Bayesian Math for Dummies

Steve Miller wrote an article a couple weeks ago on using Bayesian statistics for risk management. He describes his friend receiving a positive test on a serious medical condition and being worried. He then goes on to show why his friend needn’t be worried, because statistically there was a low probability of actual having the condition, even with the positive test.

Understanding risk is an interest of mine, and while I’ve read articles about Bayesian math in the past, the math is above my head. I never studied statistics, nor do I plan to. But I am interested in the concepts behind statistics, so I can understand probabilities better. And I can do basic math. Steve’s article was dense with math I didn’t quite get, but I was able to translate it into something I could understand.

So now, for statistically challenged individuals, I present my translation of Steve’s calculations, Bayesian math for dummies.

The Problem

Steve’s friend received a positive test for a disease. The disease occurs infrequently in the general population. The test accurately identifies people who have the disease, but gives false positives in 1 out of 20 tests, or 5% of the time. Should Steve’s friend be worried by his positive result?

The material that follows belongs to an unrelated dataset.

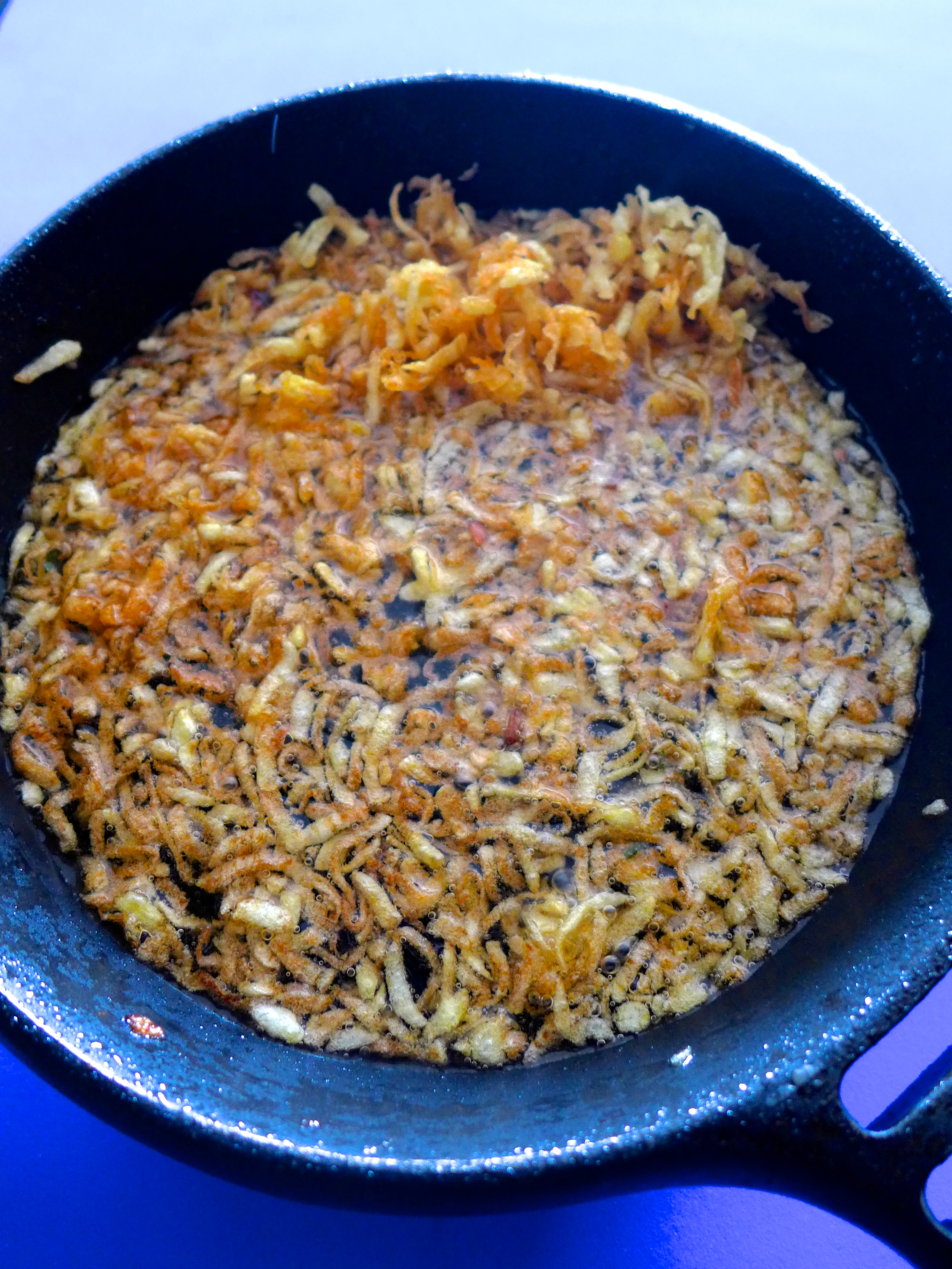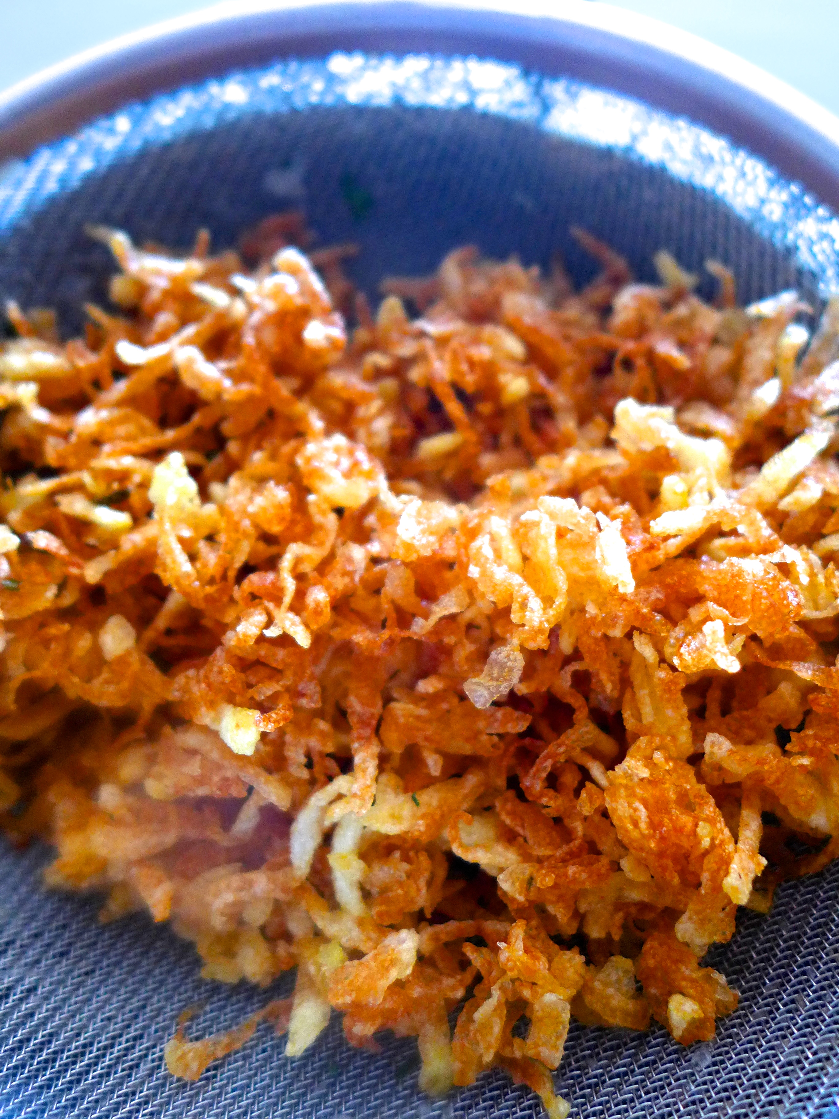 En la misma sartén, frío las patatas pajas en abundante aceite de oliva a fuego alto. Cuando están doradas, las escurro.

In the example, we know four facts:

  • Overall Incidence Rate
    The disease occurs in 1 in 1,000 people, regardless of the test results.
  • True Positive Rate
    99% of people with the disease have a positive test.
  • False Positive Rate
    5% of people without the disease also have a positive test.
  • Present Condition
    Steve’s friend had a positive test.

The question is, given this information, what is the chance that Steve’s friend has the disease.

Before he had the test, we’d just use the overall incidence rate, since we have no other information. Thus, his chance would be 1 / 1000 = 0.1%. Given that he’s received a positive test result, the True Positive Rate of 99% looks scary and a 5% False Positive Rate sounds too small to matter. But what are his actual chances of having the disease?

The Long Way

Bayesian math presents an elegant way to calculate the chance Steve’s friend has the disease. Steve presents the math in his article. But let’s do it the long way, which is much easier for me to understand.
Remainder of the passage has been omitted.